Figure 2 shows a simulation representation of Equation (2), used to compute the urine output rate flow through the ureter’s lumen. For this simulation, the ureter is considered to be of 70 cm long with a circular cross section of 3 mm in radius [9]. The dynamic viscosity of the urine at 370C is considered to be equal to 0.000824 Pa.Sec [10]. The density of urine at 370C is considered to be equal to 993.36 kg/m3 [10]. The computed velocity of the bolus of urine is estimated to be equal to 4.8 cm/sec.

Figure 2. Representation of the mathematical model to compute the urine output flow rate using Poiseuille’s law and Bernoulli’s equation.

3. Results

Figure 1 represents a simplified version of the renal pacemaker, which uses a synthetic action potential signal.

Figure 3 shows the behavior of the synthetic action potential signal, which is responsible for the initiation of pacemaker activity at UPJ. This signal starts at -91 mV and reaches +30mV in one second. The Action Potential duration is of 1.5 seconds, and waves are generated every 5 seconds. The synthetic action potential signal shows the same morphology as data obtained experimentally [5]. However, the refractory period between two action potential waves is two to twelve times longer in experimental data, ranging between 10 to 60 seconds. It could be assumed that measurement errors during experimentation could explain this discrepancy.

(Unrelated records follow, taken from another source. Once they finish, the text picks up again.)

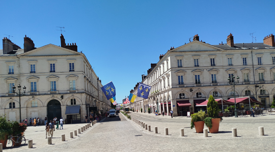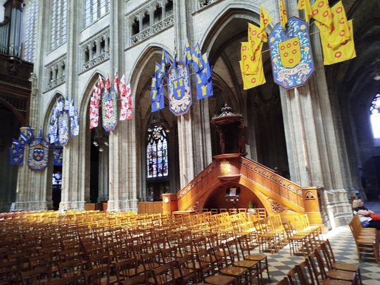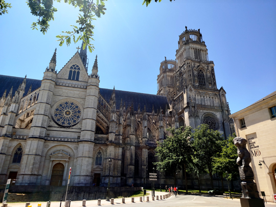 In Orléans gleich hin zur Kathedrale. Aber erst Pizza essen. Ich war die 45 Kilometer gefahren, ohne etwas zu mir zu nehmen (nur Wasser). Die Bedienung war eine nette Frau, wir redeten über Jeanne d’Arc, und ich stellte fest, dass genau heute ihr Gedenktag war! Am 30. Mai war sie hingerichtet worden. Exakt heute! (Ich hatte erst am Donnerstag, dann am Samstag fahren wollen.) Ein Bild von der Kathedrale, eins von innen (Fahnen haben sie eine Menge) und der Vorplatz mit Blick eine Straße entlang.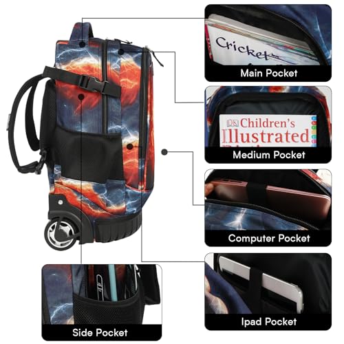 Tilami Rolling Backpack 19 inch Wheeled Cute LAPTOP Boys Girls Travel School Student Trip (Football) 6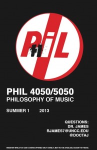 My summer 2013 course in Philosophy of Music is open to both undergrads and grad students from UNCC & elsewhere. Registration opens in a month!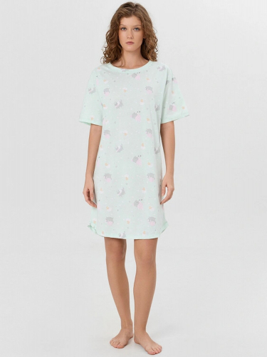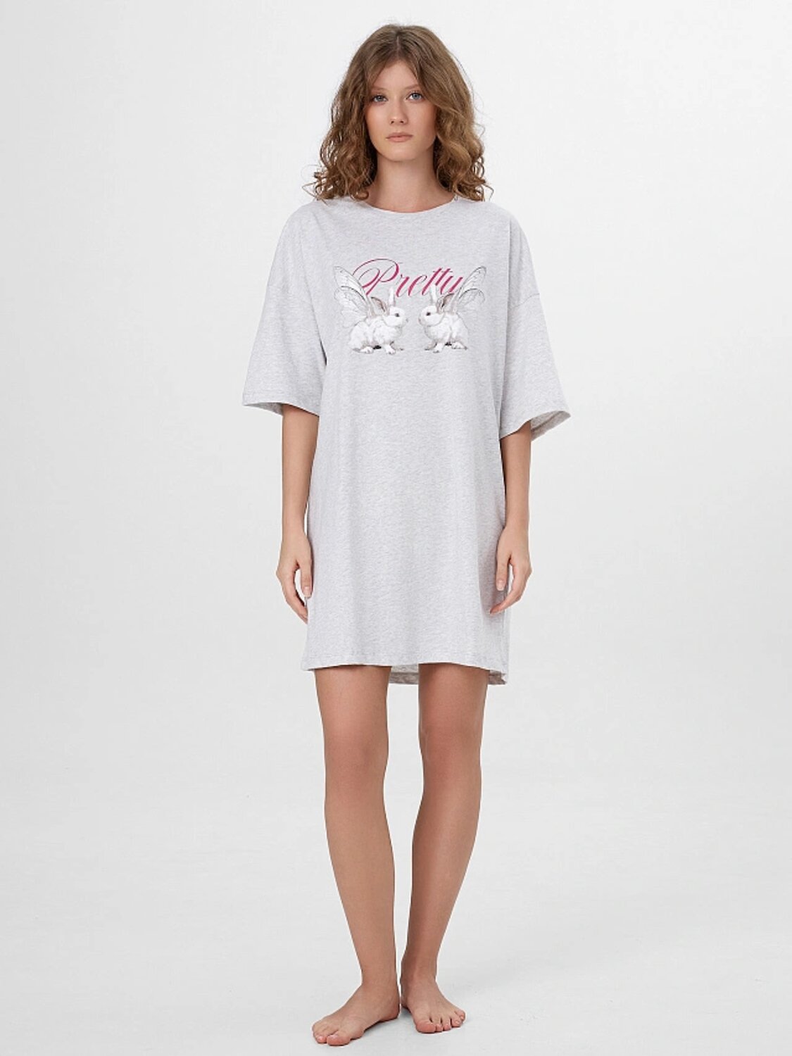 Короткие рукава со спущенным плечом и круглый вырез горловины обеспечивают комфорт и легкость. Длина выше колен позволяет чувствовать себя непринужденно во время домашних дел, отдыха или сна. Мягкий дышащий материал и деликатные швы, которые абсолютно не ощущаются на коже, делают эту тунику идеальной для всего дня.
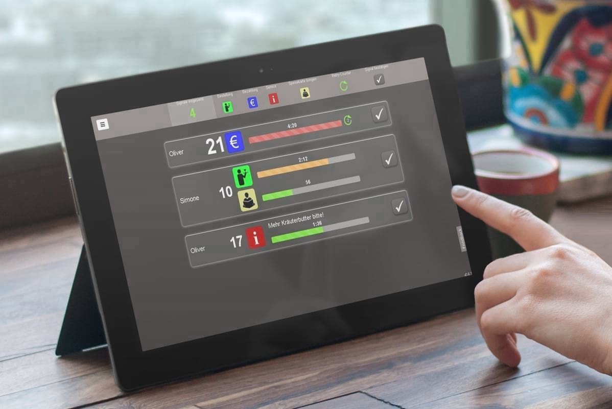 Place the numbered table cubes (service cubes) on the corresponding tables

Figure 3. Synthetic Action Potential Signal Generated at the UPJ, which initiates the Pacemaker Activity.

Figure 4 shows the simulated conduction velocity of a urine bolus travelling through the ureter’s lumen, obtained from the simulation of the Electro-mechanical pump model, which represents the Kidney’s pacemaker activity. The simulated value is calculated to be +4.8 cm/sec which is quite in within the range of 2 to 6 cm/sec obtained experimentally [2].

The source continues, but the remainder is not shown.